В машине воцаряется гробовая тишина. Это мне не нравится сразу, и я, как маленький мальчик, поджимаю задницу, потому что отец оторвёт мне башку, если мило побеседовал с Дортоном на счёт второго случая на неделе. Для меня ничего не случилось, но для ректора это уже подобно началу конца света. Не знаю, как бы сам отреагировал в его возрасте на то, что при свете дня на первом повороте кто-то занимает сексом.
Знаю, отец меня понимает, как никто другой, потому что я вижу в нём самого себя.

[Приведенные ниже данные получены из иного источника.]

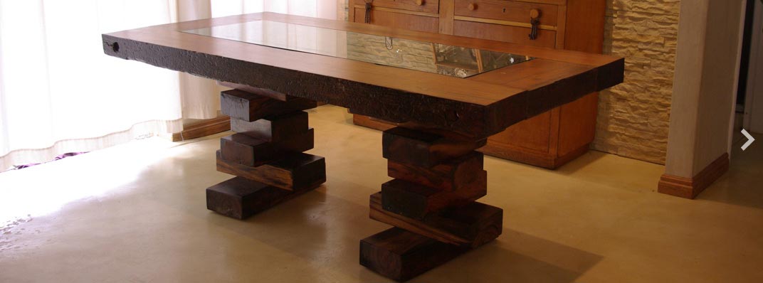 The raw, sturdy appearance of sleeper wood creates a beautiful contrast in the modern South African home. We create unique, eye-catching features that blend in perfectly with the earthy tones of our finishes. From tables to custom light fixtures, if you can dream it, we can create it.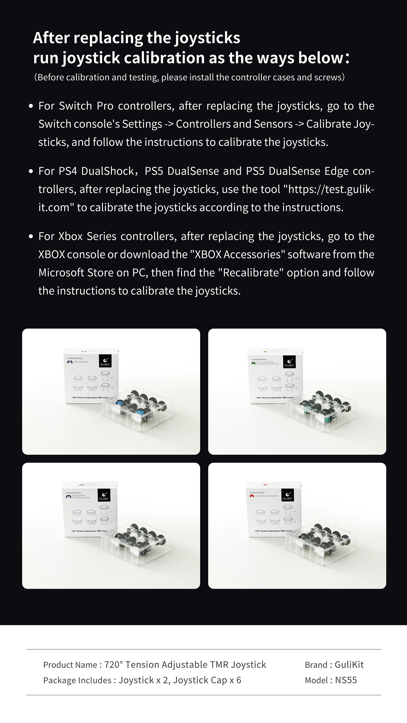 For PS4 DualShock , PS5 DualSense ,PS5 DualSense Edge and Switch Pro controllers, after replacing the joysticks, you can use the third-party open-source calibration tool at test.gulikit.com to calibrate the joysticks.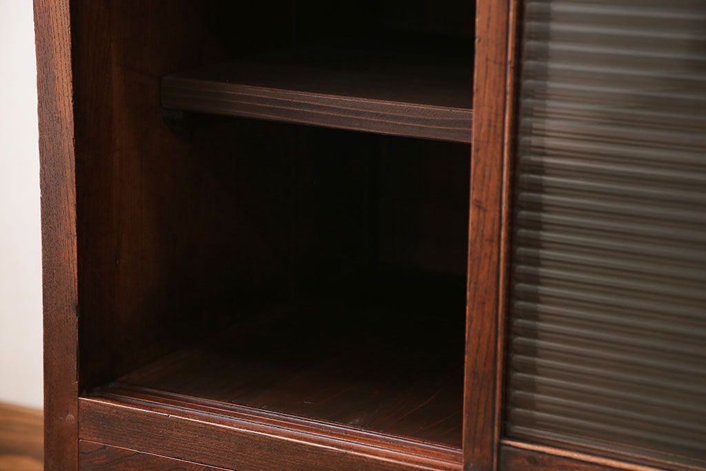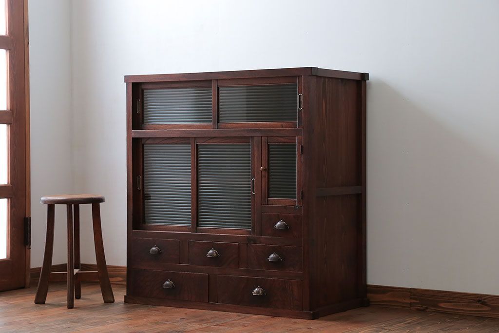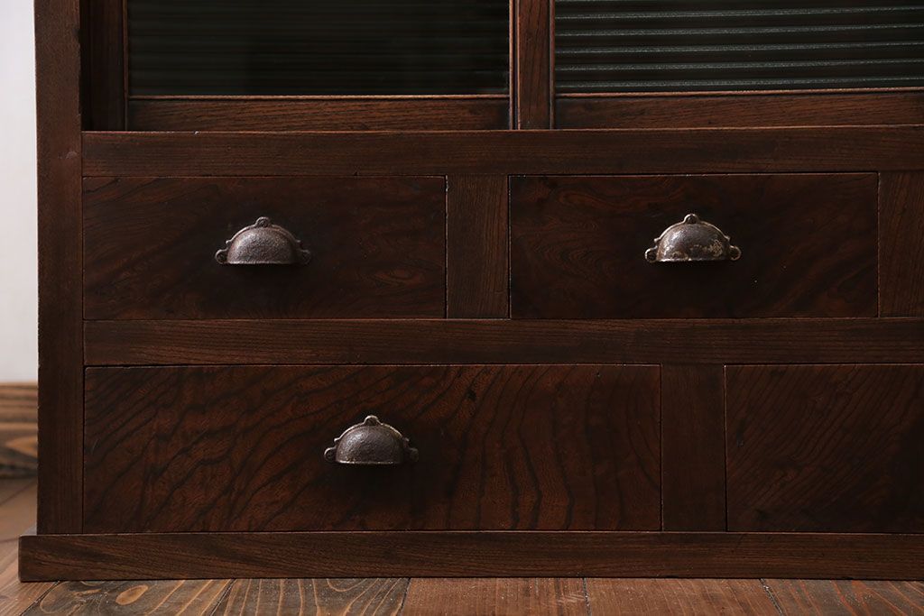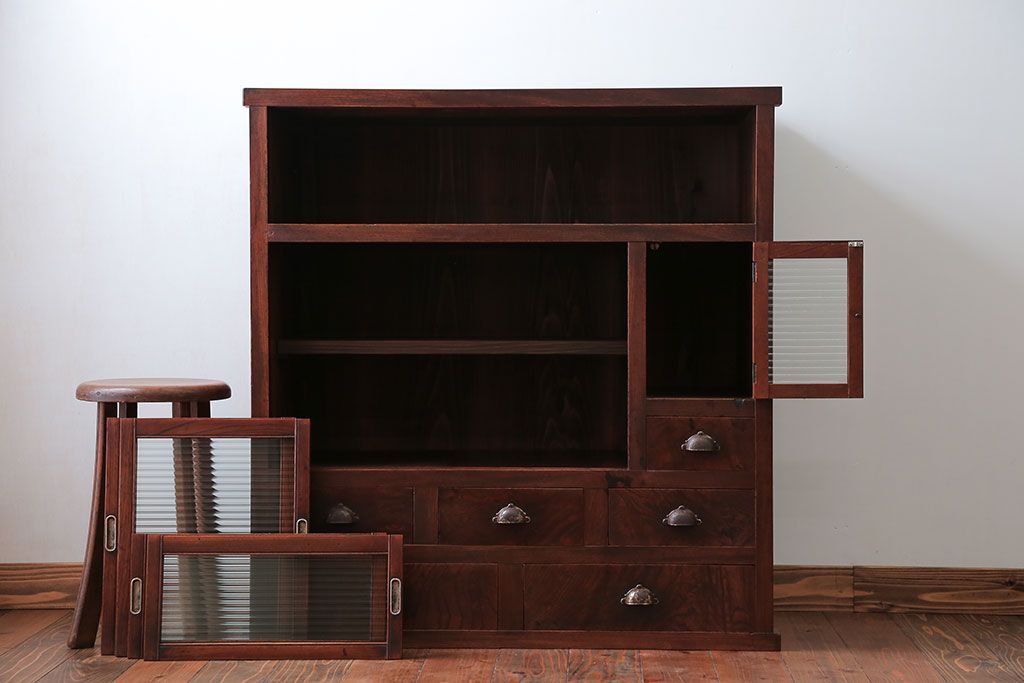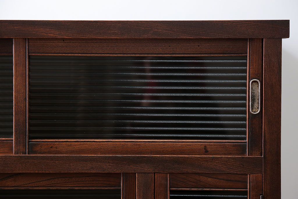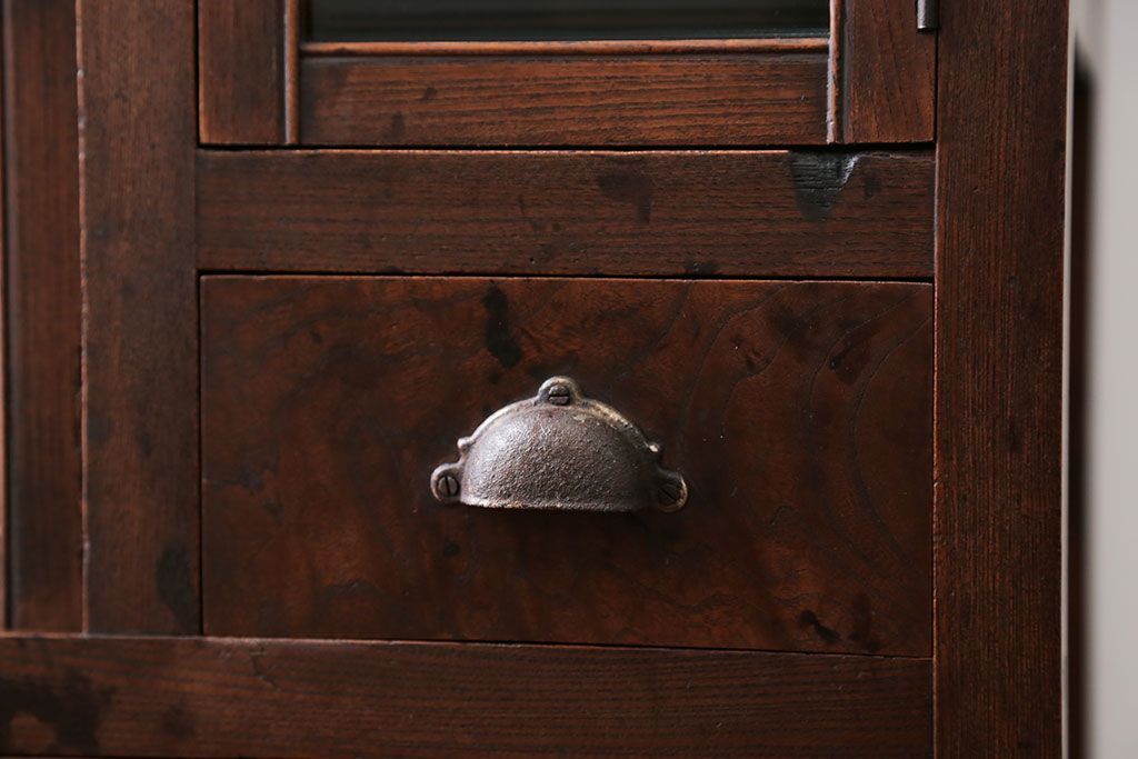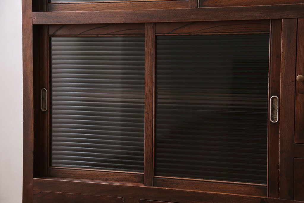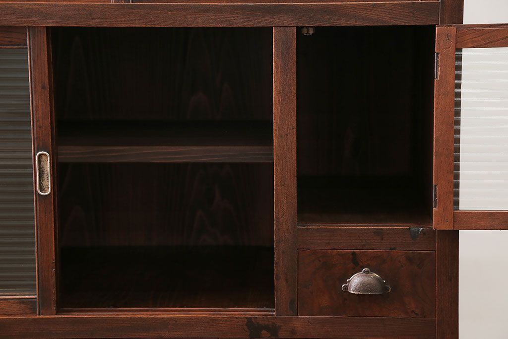アンティーク モールガラス入りの小振りな食器棚(収納棚、茶箪笥)です。

Это видит каждый. И это говорит каждый. Мы полностью идентичны внешне и внутренне. Никто из нас не торопится делиться внутренними переживаниями и желаниями со всем светом. С детства он всегда учил меня тому, что мужчина – это сила, платина для всего. Только благодаря ей всё держится. Позволь себе слабость и тебя сожрут, не оставляя и косточки. Конечно, глупо отрицать и не брать в расчёт то, что каждый из нас имеет слабости, уязвимые места. Его заключается в маме. И я не ушёл далеко, потому что имел ту же самую: Эмили. Она сделала меня слабее и сильнее одновременно. Я благодарю опыт, полученный от неё, который гласит: «Никому не доверяй, даже себе». Я не доверяю. Получив её, – я ослабил себя, позволил другому уничтожить себя. Этого больше не повторится. Любовь синоним боли. Кажется, эти слова не существуют друг без друга, как день и ночь, как жизнь и смерть, как монета, две стороны которой не разделить. Возможно, ты пустишь кого-то в свою жизнь заново, но уже не так, как было первый раз. То доверие бесследно исчезло, и вряд ли второй человек способен залечить те пробитые насквозь ранения. Ты всегда будешь оглядываться назад и помнить былой опыт.
Тропинки центрального парка расстелились перед глазами разные стороны, осталось только выбрать путь. Предоставляю это отцу, который сворачивает туда, куда не идут другие.
– Если ты выбрал безлюдное место, то я подозреваю, что не просто так.
– Тут везде людно, – улыбается он, – просто там меньше всего.
– Покажи сумку на наличие сапёрной лопатки.
– Ты за что-то переживаешь?
– Да. Не лечь под одним из деревьев раз и навсегда.
– Если бы хотел, с нами сейчас могла идти твоя мама. Морально она сильнее меня.
– Какой ты плюшевый медвежонок, – усмехаюсь я. – Так благородно предоставить ей все грязные делишки.
Отец улыбается и бросает сумку на пустой поляне. Но что ещё более странное – он не торопится обнародовать её наполнение. Следом бросаю свою и поднимаю брови, расставив руки по бокам.
– И?
– Это был повод уйти, – заявляет он.
– Что за нахрен?
Сунув руки в карман джинс, он что-то достаёт, а я понимаю, что потерял бдительность. Он в чертовых джинсовых шортах. Отец никогда не ходит в них на тренировку. Я знаю его всю жизнь и никогда не видел данный выбор для тренировки. Конечно, можно легко сопоставить логическую цепочку: можно переодеться на месте, но в данном случае не он. Он выбирал спортивное, несмотря на то, что переодевался в раздевалке. Теперь ставлю один к одному.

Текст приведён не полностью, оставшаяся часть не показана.